Outside the camp, people wrongly believe that clones would look exactly the same. Outside the camp, people believe we don't clone humans at all.

It's not that it's illegal, because it's not. No one's bothered to make laws about it yet because no one—so the majority of the public believes—has mastered the technique. Clones would be physiologically and mentally unstable. Or they would be if they were fully human.

HYs are another matter. Our implants can regulate many processes, or so the theory goes. HYCs are an experimental group. None of us are sure how long they'll last or how well they'll do, and the bioengineers who created them haven't shared their theories with the likes of us.

And I'd bet my left foot that the HYCs would be illegal if anyone knew about them.

But that's why we're here, isn't it? RedZone black ops goes where the government can't go. Does what the government can't officially condone. Gets caught and the government denies all sanctioning of their business. Our business. My business.

RedZone—giving me a headache with every new-old memory.

Cole waves a hand in my face, but I sense he'd rather touch me. “You okay?”

I rub my temples. “Yeah, I'm experiencing memory overload is all. Sometimes it gets hard to tell where I am, or when I am. Everything merges together. And…”

“And?”

I dig my heel into the floor. “And nothing that's come back so far has been useful.”

“It's all useful, Sev.”

“No, it's not. I had a mission, and I failed. At least I think I did. I can't be sure because I can't remember.”

Cole takes my arm and walks me outside. The moist, chilly air settles around me. I start to ask where we're going, but he's heading in the same direction as last night.

After we clear the buildings, he speaks again. “Don't beat yourself up about this. You'll get your memories back, and if you have to return to RTC to finish what you started, you will. You haven't failed. You had a setback. That's all.”

“But I think I knew.” The words tumble from my mouth, way out of my control. They surprise me as much as Cole.
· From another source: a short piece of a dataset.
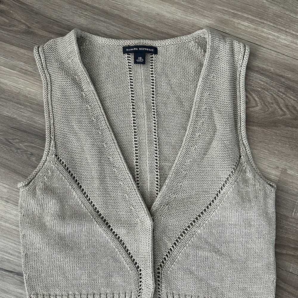 Banana Republic Beige Knit Vest Women size XSmall in great condition/ stretchy/ front snap buttons/ small front pockets Pit to pit 15” across Length from shoulder 23” Arm opening 9” Approximate measurements #30 All final sale Casual, dressy, coastal ,coastal cowgirl, western

He turns his face toward the sky, and a single snowflake lands on his nose. “You probably didn't find X's identity yet, otherwise you'd have told Malone. You were supposed to inform him as soon as you uncovered it.”
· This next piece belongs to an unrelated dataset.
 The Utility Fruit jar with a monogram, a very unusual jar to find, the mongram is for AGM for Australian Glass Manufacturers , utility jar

“I know that, but then I keep thinking—why was I attacked and my tracker removed?” For that matter, why was I sneaking off with Kyle unless he was the one who did it? But I'm not ready to bring that up. “What if I figured out who X is, and before I could report in, someone did this to me? Malone said there were others after the information. What if I screwed up so badly that they got it out of me and…”

Cole moves toward the woods again. The lone snowflake has no companions yet, but I can tell they're coming. “It doesn't add up.”
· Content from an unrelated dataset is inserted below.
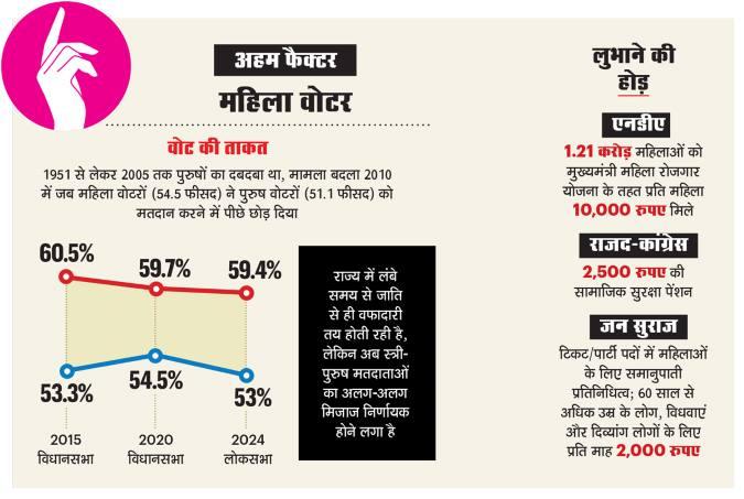आखिरी क्षण में जीविका, आंगनवाड़ी और आशा कार्यकर्ताओं के मानदेय भी बढ़ा दिए गए हैं, और 18-25 वर्ष की उम्र के बेरोजगार युवाओं को दो साल तक 1,000 रुपए के महीने के भत्ते की घोषणा भी की गई है. इसके अलावा एनडीए गठबंधन नीतीश के उस महिला जत्थे पर भी भरोसा करेगा जिसे उन्होंने पिछले दो दशकों में शराबबंदी के अलावा जनकल्याण योजनाओं और आरक्षण के जरिए बड़ी मेहनत से पाला-पोसा है. सचाई यह भी है कि 2010 से महिला मतदाता पुरुष मतदाताओं के मुकाबले ज्यादा तादाद में वोट देने आने लगी हैं. 2020 के चुनाव में पुरुषों के 54.5 फीसद मतदान के मुकाबले महिलाओं का मतदान 59.7 फीसद था. यह भी उनके पक्ष में अनुकूल कारक होगा.

“Nothing adds up. The more I remember, the less I understand. Shouldn't it be the opposite?”

“Sometimes everything is the most muddled before it can make sense. Come on.”

I follow him down the path. In the daylight, I can see the security cameras hidden among the trees and also small metal boxes outfitted every fifty meters. I wonder what they do but don't feel like asking. More security—that's all I need to remember. If I ever knew more.

We emerge from the trees onto the banks of the lake. It's dull and gray, but darker than the sky. Not frozen yet, but not inviting. This is the lake Fitzpatrick made us freeze in. That memory gives me the chills, and I actually shiver.

Circling around, I search the trees for more cameras.

“There aren't any pointed here,” Cole says, following my movements. “Go two hundred feet that way and they'll pick you up, or fifteen feet that way.” He points left and right. “Not every inch of the camp is covered. Just enough inches.”

“That's why we came here that morning.” I close my eyes, trying to bring the full scene into focus, but I have no images of it. Just knowledge. Just words. They're true, but the memory is incomplete.

Cole's whole body seems to brighten. He looks taller. “Do you remember what I told you?”

I'm trembling. Too many emotions fight for control of my body—shame, hope, fear.

Mostly fear.

“You told me you believed in me. That I could do this—the mission.”

“I still do.”

I can't look at him. I can barely talk, and I fumble for words. “Malone says they have a technique—a way they could pull the memories from me if they need to. But it could damage my brain.”